WHEN the nation completes today as scheduled the enhanced and general community quarantine schemes imposed on various parts of the archipelago, our country and people will have experienced 107 days of continuous lockdown/quarantine in the desperate effort to control the coronavirus disease 2019 (Covid-19) pandemic.
The past three months have indisputably been an exacting time of trial and tribulation for both the citizenry and the government. Our people have endured draconian restrictions and deprivations in their lives. The government, led by the Inter-Agency Task Force for the Management of Emerging Infectious Diseases (IATF-EID), has had only dubious success in stopping the spread of the virus and shoring up the capabilities of our health care system for testing and treatment.
Covid-19 clearly is still alive and well in our land. More of our people will be infected because there is still no vaccine against it and no immunity.
The economy has been devastated as much by the self-inflicted lockdown as by the ravages of the disease. The economy is set to contract by 3.4 percent this year and it must now battle the agony of recession. Overseas employment, business process outsourcing and tourism — three of our biggest income earners have been among the sectors most adversely hit. Once dynamic, the hospitality and restaurant industry has been flattened by restrictions. Many businesses have had to close down. At least 3 million of our workers have already lost their jobs.
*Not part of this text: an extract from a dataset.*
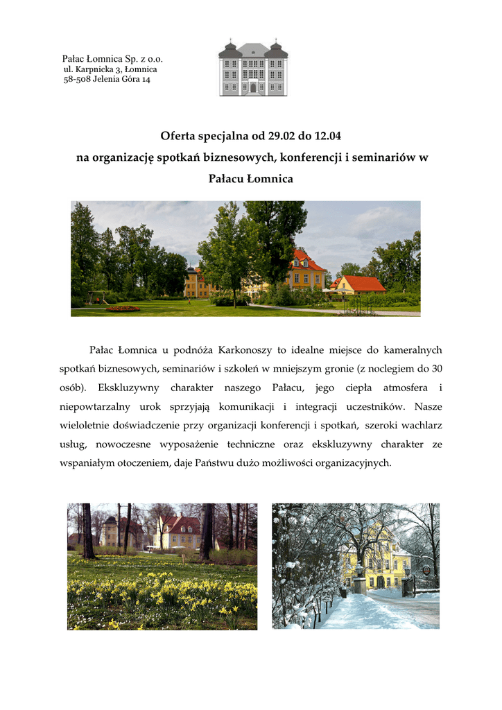 Pałac Łomnica Sp. z o.o. ul. Karpnicka 3, Łomnica 58-508 Jelenia Góra 14 Oferta specjalna od 29.02 do 12.04 na organizację spotkań biznesowych, konferencji i seminariów w Pałacu Łomnica Pałac Łomnica u podnóża Karkonoszy to idealne miejsce do kameralnych spotkań biznesowych, seminariów i szkoleń w mniejszym gronie (z noclegiem do 30 osób). Ekskluzywny charakter naszego Pałacu, jego ciepła atmosfera i niepowtarzalny urok sprzyjają komunikacji i integracji uczestników. Nasze wieloletnie doświadczenie przy organizacji konferencji i spotkań, szeroki wachlarz usług, nowoczesne wyposażenie techniczne oraz ekskluzywny charakter ze wspaniałym otoczeniem, daje Państwu dużo możliwości organizacyjnych. U nas przeniosą się Państwo do innego świata: profesjonalna obsługa, nasze indywidualne podejście do każdego Gościa, zapewnią, że Państwa spotkanie przyniesie zaskakująco pozytywne efekty… rozwój, innowacyjność i kreatywność wśród uczestników gwarantowane! Salon Różowy: Salon Różowy idealnie nadaje się do zorganizowania spotkania biznesowego w małym gronie, do 20 osób. Przyjazna, słoneczna atmosfera tego salonu, z jego wspaniałym widokiem na park, wspomaga przy tworzeniu kreatywnej, pozytywnej atmosfery każdego spotkania. W takim otoczeniu Nawet trudne problemy mogą być pozytywnie rozwiązane. Sala Niebieska: W sali z historycznymi freskami, eleganckim wyposażeniem i równie wspaniałym widokiem na park można zorganizować seminaria dla grup liczących do 40 osób. SALA Sala Różowa Sala Niebieska Bankietowe 24 32 Podkowa 20 35 Restauracja "Stara Stajnia" na Folwarku: Po wcześniejszym uzgodnieniu terminu proponujemy wynajęcie sali o długości ok. 30 metrów w byłej stajni. Nowoczesne wyposażenie konferencyjne zapewni idealną symbiozę pomiędzy historycznym położeniem a zgodną z wymaganiami czasu potrzebą. proponujemy miejsce dla 200 osób. Koszt wynajmu jednej z Sali : Wyposażenie: • • • • • • • Projektor multimedialny Telewizor DVD – TV – Video Rzutnik slajdów Rzutnik pisma Flipchart Mównica, mikrofon 500,00 zł - cały dzień 300,00 zł - pół dnia Zakwaterowanie Naszym gościom oferujemy 12 wygodnie urządzonych pokoi z łazienkami oraz 5 przytulnych dwupokojowych apartamentów dla 2-3 os. oraz 1 grupowe studio dla 4 - 5 os. Cena promocyjna wynosi: • Nocleg w pok. 1-osob. ze śniadaniem - 110,- zł /os. • Nocleg w pok. 2-osob. ze śniadaniem - 80,- zł /os. Pokoje różnią się charakterem i wielkością. Wszystkie wyposażone są w romantycznym, pałacowym stylu. Wyżywienie : Oferujemy Państwu wspaniałą , autentyczną dworską kuchnię polsko - śląską. Potrawy przygotowywane są zawsze ze świeżych produktów. Proponujemy do wyboru: Lunch już od 34,- zł/os. Obiad/Kolacja (2 dania) już od 45,- zł/os. Obiad/Kolacja (3 dania) już od 57,- zł/os. Kolacja tradycyjna już od 27,- zł/os. Przerwa na kawę i ciasto (pojedyncza) w cenie: 18,- zł/os. Przerwa na kawę, ciasto i owoce (ciągła) w cenie: 26,- zł/os. Na specjalne życzenie nasz szef kuchni przygotuje inne menu uwzględniając Państwa sugestie. Podajemy przykładową kalkulację: Przy 15 osobach: - całodzienna konferencja, kawa, ciasta i owoce, lunch 93,- zł/os. - całodzienna konferencja, kawa, ciasta i owoce, 3-daniowa kolacja, nocleg, śniadanie 196,- zł/os. Przy 20 osobach: - całodzienna konferencja, kawa, ciasta i owoce, lunch 85,- zł/os. - całodzienna konferencja, kawa, ciasta i owoce, 3-daniowa kolacja, nocleg, śniadanie 188,- zł/os. Pytania i rezerwacje: [email protected] tel. 75 71 30 460

Now, the government needs to make a decision and plan what it will do in the continuing struggle against the pandemic because, clearly, the emergency is not over and there is still a lot of work to do.
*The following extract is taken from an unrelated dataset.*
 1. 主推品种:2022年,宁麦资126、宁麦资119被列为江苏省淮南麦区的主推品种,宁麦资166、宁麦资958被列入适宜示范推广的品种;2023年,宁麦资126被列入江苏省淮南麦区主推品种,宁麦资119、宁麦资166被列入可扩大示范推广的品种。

It makes sense to give the highest priority now to economic recovery because success in every national undertaking, including public health, will depend on the vitality and productivity of the economy.
In planning our way forward, we must also guard against those among us whose chief interest lies perversely in driving the nation into rash and hysterical actions in the pandemic by scaring and alarming our people.
In this regard, we want to call attention to the repeated efforts by a group of University of the Philippines (UP) professors and researchers to issue escalating dark predictions about the pandemic in our midst.
Earlier in the month, the group showed their hand when they heavily publicized their prediction that the country would be facing 40,000 Covid infections by today, June 30.
Now, they have upped their forecast with a new prediction that Covid-19 cases in the country could reach 60,000 by July 31.
The group claims to be composed of experts, yet not one of them is evidently a medical expert or scientist who has done work on infectious diseases or public health policy
Their forecast is gross. The death toll, they claim, may climb to 1,300 by July 31.
The group is composed of UP mathematics professor Dr. Guido David, UP political science assistant professor Ranjit Singh Rye, Ma. Patricia Agbulos of OCTA Research, and biology professor Rev. Fr. Nicanor Austriaco of the Providence College and the University of Santo Tomas.
Nothing in what they say is in the least amusing because they plainly do not know what they are talking about. At their shallowest, we can say that they are merely seeking publicity. But they could also pose something more sinister, in that their objective could be to create public panic and hysteria in order to make fighting the virus more difficult for the government.
We ask, therefore, what the IATF-IED and the government proposes to do about this deliberate misinformation campaign in our public life. Will these experts at least be asked to produce their credentials? Should the State be paying salaries to people who specialize in this kind of mayhem?